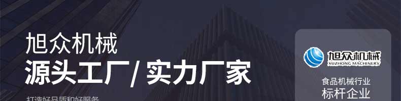 廣州旭眾食品機械有限公司是一家集科研開發(fā),生產設計,營銷服務為一體的現(xiàn)代化生產企業(yè)?,F(xiàn)代化生產車間,精湛制造技術,所產機械歷經市場重重考驗,不斷贏得海內外客戶的贊譽。
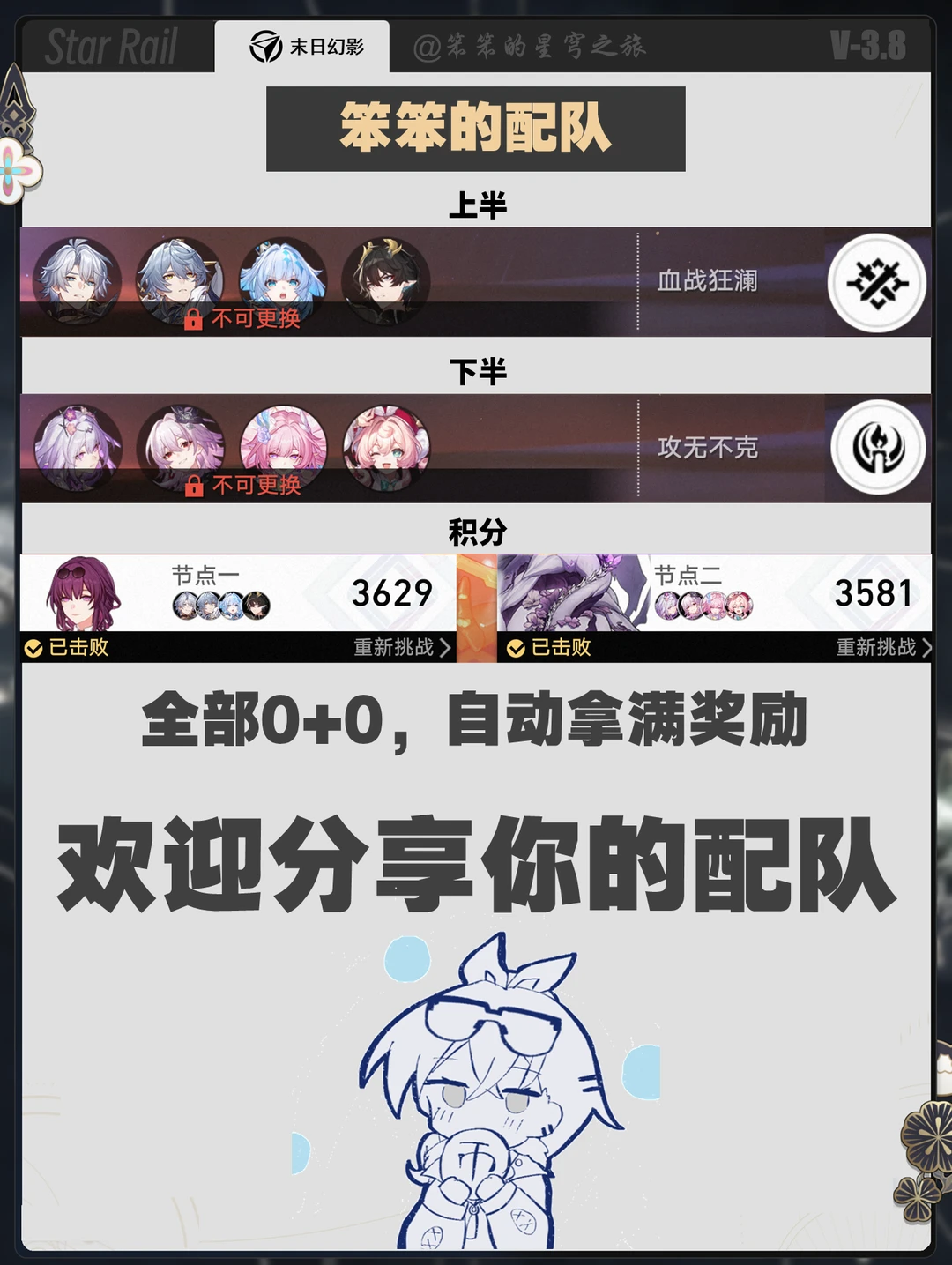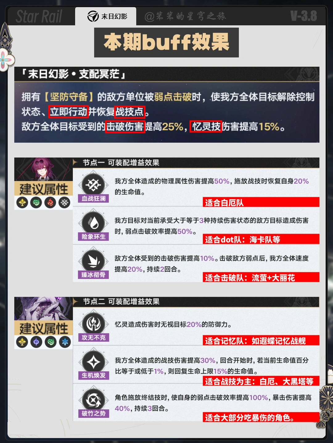 🐱大家好,我是笨笨的铲屎官 末日幻影更新了 本期击破队和记忆战舰输出有增益 利好流萤击破队和遐蝶队等 甚至是dot队、白厄物理队都有buff 笨笨做了详细的罗列 希望对你有用哦 笨笨全员0+0自动通关的 你使用的配队是什么
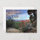 Esta hermosa postal de Utah muestra una impresionante foto de flores silvestres de pénstemon rojo en el Parque Estatal del Cañón de Nieve, Utah. Fotografía creada por la galardonada fotógrafa Maria Jeffs.

TASK GOAL:
Return the complete material above exactly, with no picture.

RESULT OF THE EXERCISE:
 廣州旭眾食品機械有限公司是一家集科研開發(fā),生產設計,營銷服務為一體的現(xiàn)代化生產企業(yè)?,F(xiàn)代化生產車間,精湛制造技術,所產機械歷經市場重重考驗,不斷贏得海內外客戶的贊譽。
 🐱大家好,我是笨笨的铲屎官 末日幻影更新了 本期击破队和记忆战舰输出有增益 利好流萤击破队和遐蝶队等 甚至是dot队、白厄物理队都有buff 笨笨做了详细的罗列 希望对你有用哦 笨笨全员0+0自动通关的 你使用的配队是什么
 Esta hermosa postal de Utah muestra una impresionante foto de flores silvestres de pénstemon rojo en el Parque Estatal del Cañón de Nieve, Utah. Fotografía creada por la galardonada fotógrafa Maria Jeffs.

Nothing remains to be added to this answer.